Competitive effect of stacking fault energy and short-range clustering on the plastic deformation behavior of Cu-Ni alloys

Uniaxial tensile tests were conducted to investigate the plastic deformation behavior and deformation microstructures of coarse-grained Cu-Ni alloys containing a wide range of Ni contents (5-20 at%), which possess higher stacking fault energies (SFE) than pure Cu. The mechanical testing results show that, with increasing Ni content, i.e., jointly increasing SFE and degree of short range clustering (SRC), the ultimate tensile strength increases, but the ductility keeps almost unchanged; meanwhile, there exists an obvious increasing stage (or bump) in the strain-hardening rate curves at around 3% engineering strain.
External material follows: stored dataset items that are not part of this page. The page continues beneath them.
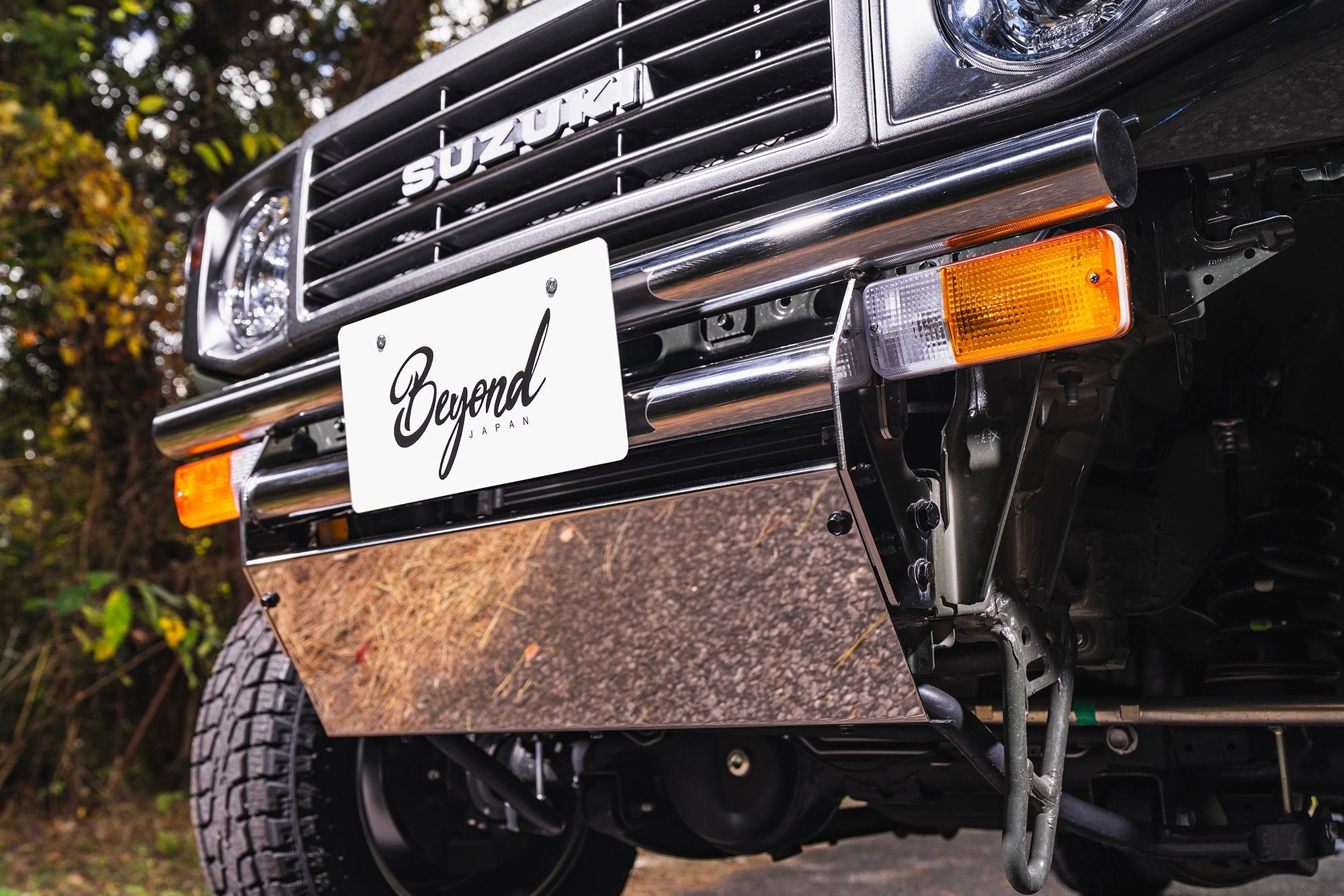 オフロード色を際立たせるパイプ形状のフロントバンパーは、ジムニーカスタムの代名詞。
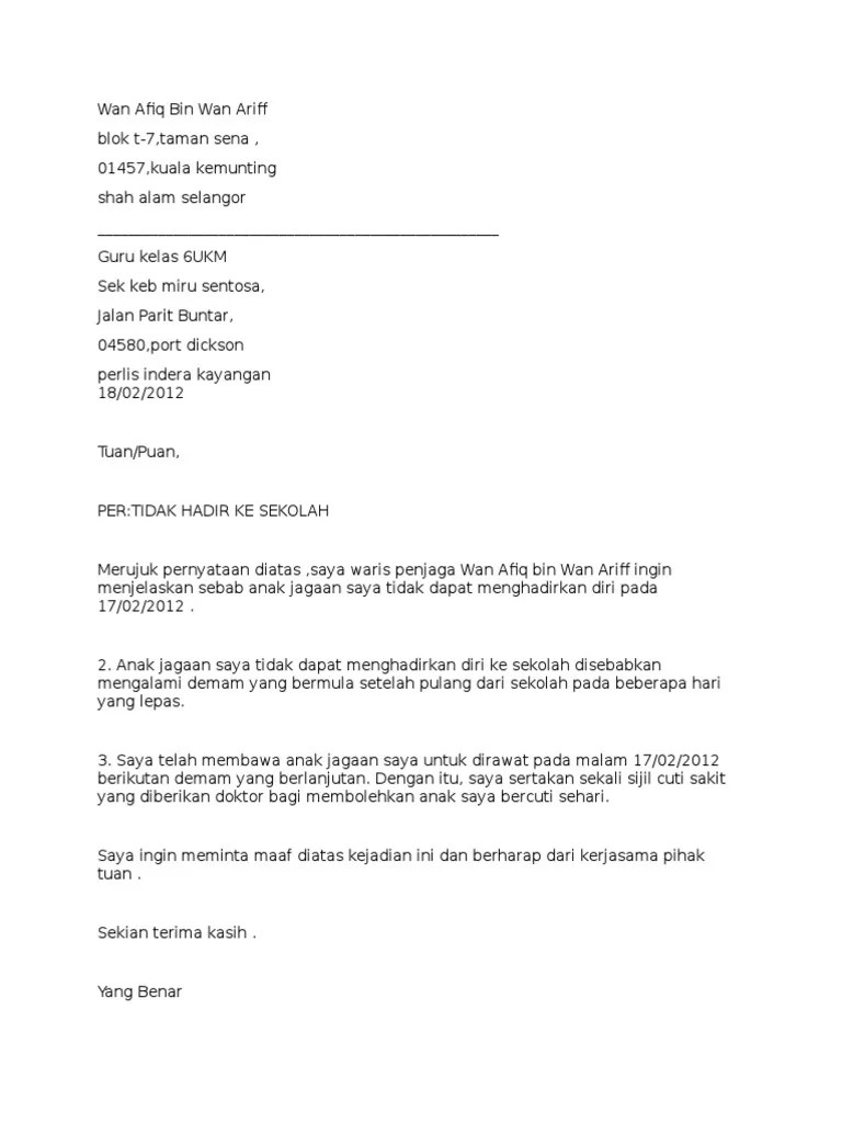 Related : Surat Tidak Hadir Ke Sekolah Kerana Sakit / Doc Surat Tidak Hadir Zulfikar Dahlan Academia Edu / Contoh surat rasmi tidak hadir ke sekolah kerana cuti sakit..
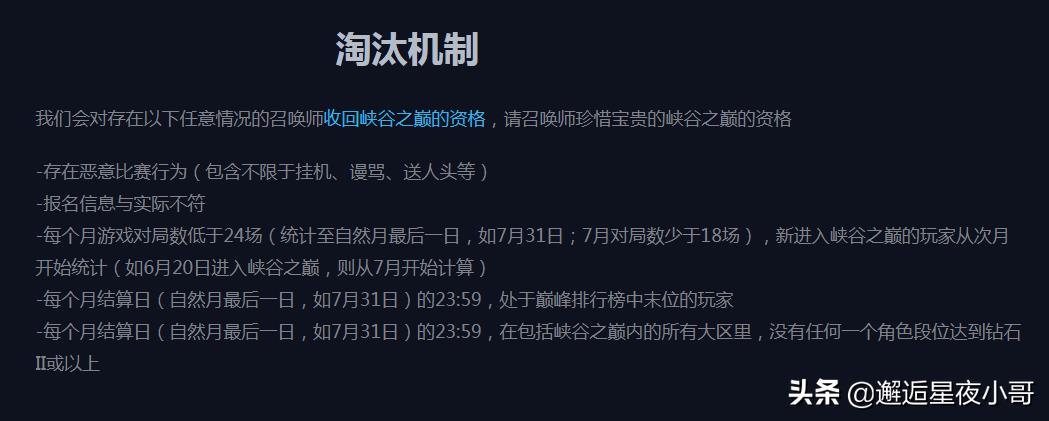 因为峡谷之巅有淘汰机制,每个月都要对局次数超过24场,所以不适合长时间不玩的朋友。(但我相信很多人一个月远超过这个场次,哈哈)有时间,哪怕是工作后每个工作日打1场也够资格免于淘汰。不适合喷人,挂机,送人头的恶意玩家。总而言之就是,适合有时间有素质的“高手”前来挑战。
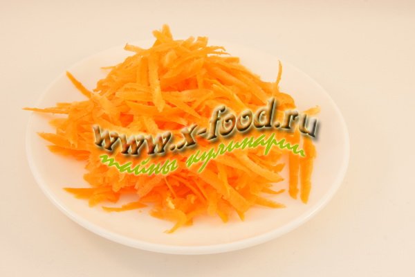 1. Первым делом морковь тщательно вымыть, соскоблить верхний слой и натереть ее на крупной терке.
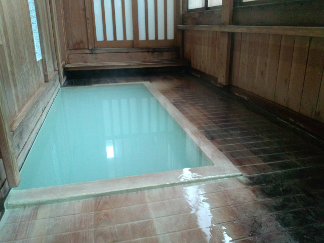 お湯のほうは源泉かけ流しで青白く透き通っており、鮮度のよさを感じさせます。
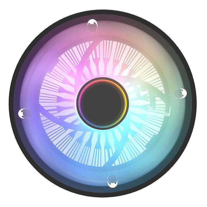 - Lighting: Infinity-mirror center with 16 LEDs in the outer ring and 6 LEDs in the fan—totalling 22 ARGB LEDs; syncs via standard 5 V motherboard header.
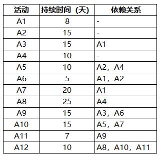 某项目的活动持续时间及其依赖关系如下表所示,则完成该项目的最少时间为 ( )天。
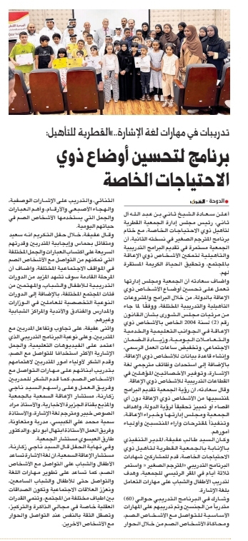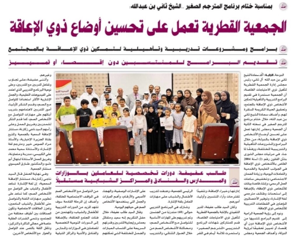 وكان السيد طالب عفيفة، المدير التنفيذي بالإنابة بالجمعية القطرية لتأهيل ذوي الاحتياجات الخاصة، قدم للمشاركين شهادات البرنامج التدريبي “المترجم الصغير ” و استمرت ثلاثة أيام في المقر الرئيسي للجمعية، وهدفت تدريب الأطفال والشباب على مهارات التعامل بلغة الإشارة.
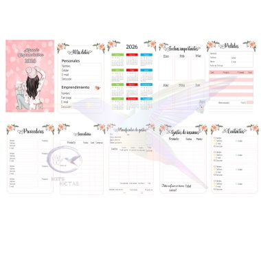 Agenda tamaño 14 x 21.5 cms. Incluye: Datos personales, calendario 2026, apartado para fechas importantes, metas del año, pedidos, proveedores, inventario, planificador de gastos, gastos de insumos, contactos, contraseñas, notas.

Microstructural examinations demonstrate that dislocations are apt to slip on primary slip planes at the initial stage of deformation (e.g., 3% engineering strain) to form planar slip bands, indicating that the existence of SRCs in Cu-Ni alloys is beneficial to the promotion of planar slip, leading to the occurrence of a bump phenomenon in the strain-hardening rate curves. With increasing deformation amount to a certain degree, wavy slip becomes the major deformation mode under the joint influence of high SFE and diminution of SRCs, and the final deformation microstructures transform from dislocation cells and cell blocks into extended dislocation walls with increasing Ni content. Both the cell block structures and extended dislocation walls subdivide the coarse grains uniformly to disperse local strain concentration, thus enabling the Cu-Ni alloys to maintain a high ductility with an increased tensile strength with increasing Ni content. In a word, the plastic deformation behavior of Cu-Ni alloys is actually governed by the competitive influence of SRC and SFE.